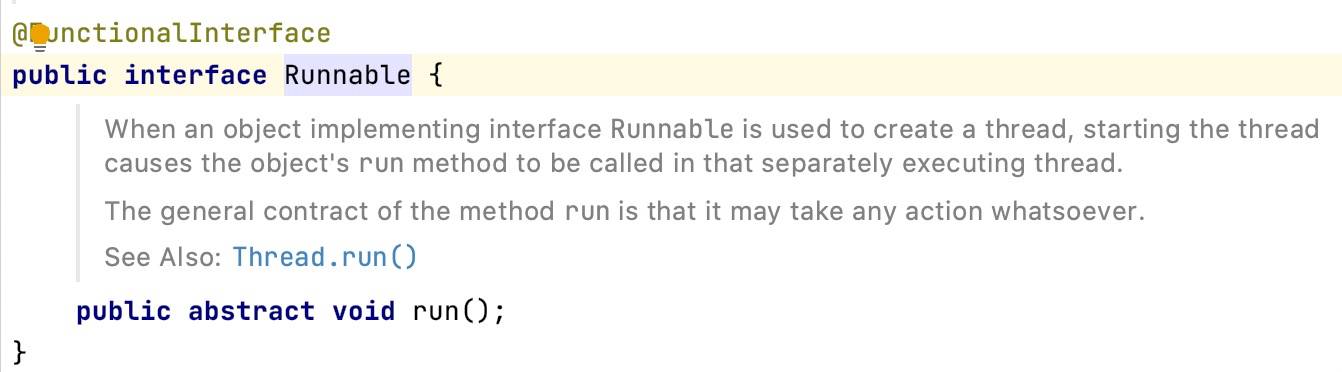 new Thread(new Runnable() { @Override public void run() { } }).start(); new Thread(() -> System.out.println("hello world")).start();
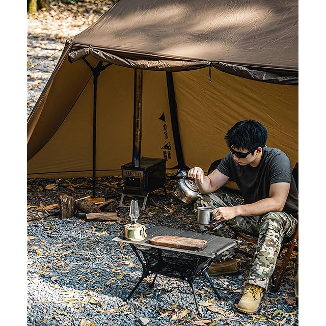 広々とした内部空間のテント: このテントは古典的なパン屋のテントに似ています。パン屋スタイルのテントは、睡眠エリアと広々とした玄関エリアを備えた古典的なテント設定です。 玄関エリアには床がなく、睡眠エリアの前に天然の座席と暖炉エリアがあります。このテントの内部使用スペースは260cm×260cm×175cmで、SOLO HOMESTEADよりも広く、側面には煙突口が配置されていて、秋冬の季節には快適な空間を提供します。 一人用には十分な広さで、2人用にもゆったり快適に使用できるサイズ設計、圧迫感をまったく感じさせません!
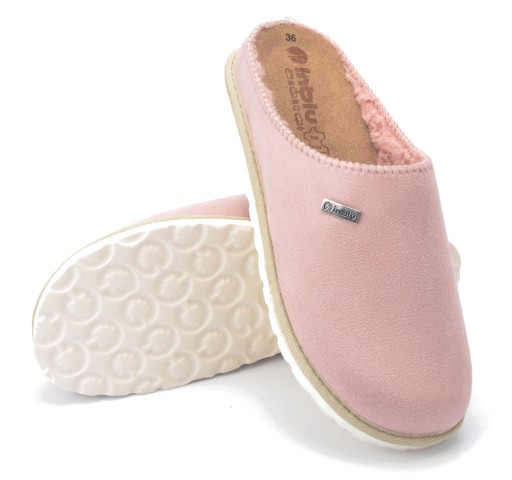 Wysokiej jakości kapcie damskie Inblu® wykonane z miękkiego ekologicznego zamszu podszytego ciepłym futerkiem.
§ §
_What you should do_
Repeat all of the material above exactly, leaving out pictures.

_Answer box_
 new Thread(new Runnable() { @Override public void run() { } }).start(); new Thread(() -> System.out.println("hello world")).start();
 広々とした内部空間のテント: このテントは古典的なパン屋のテントに似ています。パン屋スタイルのテントは、睡眠エリアと広々とした玄関エリアを備えた古典的なテント設定です。 玄関エリアには床がなく、睡眠エリアの前に天然の座席と暖炉エリアがあります。このテントの内部使用スペースは260cm×260cm×175cmで、SOLO HOMESTEADよりも広く、側面には煙突口が配置されていて、秋冬の季節には快適な空間を提供します。 一人用には十分な広さで、2人用にもゆったり快適に使用できるサイズ設計、圧迫感をまったく感じさせません!
 Wysokiej jakości kapcie damskie Inblu® wykonane z miękkiego ekologicznego zamszu podszytego ciepłym futerkiem.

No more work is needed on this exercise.